When the gathering uses scripts, hallucinated numbers become the easiest class of agent error to catch, because the script that produced them is a source of truth the manager can re-run in seconds. A draft claiming “23 PRs and 14 substantive reviews” is one re-run away from being confirmed or rejected. With MCP, the verification surface is weaker: the agent’s report of a query result is what the manager sees, and reproducing the exact same fetch isn’t always trivial. Either way, keep the gathering deterministic where it can be. Keep the synthesis narrow. Don’t let the agent count things you can count for it.

What it can’t be allowed to touch

Every reason above is contingent on a verification discipline the article should spend more space on than the gathering architecture deserves. Frontier LLMs corrupt a measurable fraction of delegated multi-step work, and the rate doesn’t drop with better prompts, more tools, or longer context windows (Corruption Is a Feature). A draft review the agent writes confidently, citing a specific ticket, a specific PR, a specific 1:1 quote, has a meaningful probability of being wrong in any of those specifics. The ticket exists but says something different. The 1:1 line paraphrases what was said into something close-but-not. The PR review that counts as “substantive” was a thumbs-up emoji. The migration the agent attributes to the IC was actually led by their teammate, and the IC was a reviewer.

These errors land in a document that determines whether a real person gets promoted, doesn’t, gets put on a PIP, or doesn’t. The cost of getting this wrong is paid by the report, not the manager, which makes the verification discipline an ethical obligation, not just an operational one.

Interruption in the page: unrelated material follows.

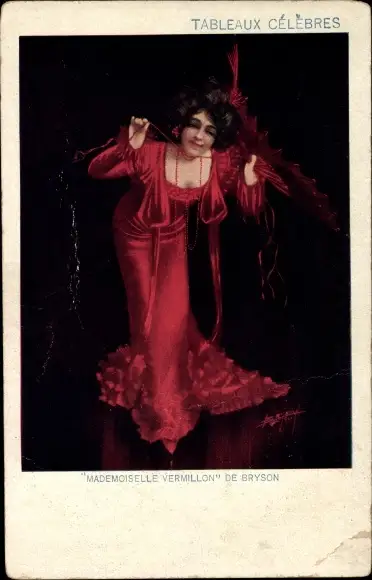 Künstler Ak Bryson, Mademoiselle Vermillon, Frau in rotem Kleid

The failure mode that ends careers
A confidently written review citing fabricated specifics (“Q1 incident response on the payments outage”) that the manager doesn’t verify is the failure mode. The agent invents the attribution from a Slack thread it misread, or compresses three engineers’ contributions into one name, or quotes a 1:1 line that was said by a different report in a different week. The review is wrong, the manager signs it, and the person on the receiving end has no idea the underlying corpus contradicts what they’re reading. Verify every citation. Open every linked ticket. Read every quoted line in its original context. Re-run the script that produced any cited number — that’s the fastest verification surface and the one most likely to catch a fabricated metric.

Two disciplines hold the work together. The first is that every claim in the draft has to be traced to a source the manager opens and reads before the draft becomes a review. Not skimmed. Read. If the draft says “delivered the auth migration in Q1, ten weeks”, the manager opens the ticket, confirms the dates, confirms the scope. If the draft says “needs growth on cross-team collaboration”, the manager opens the threads cited as evidence and forms their own assessment. The agent’s draft is the index into the corpus, not the conclusion about it.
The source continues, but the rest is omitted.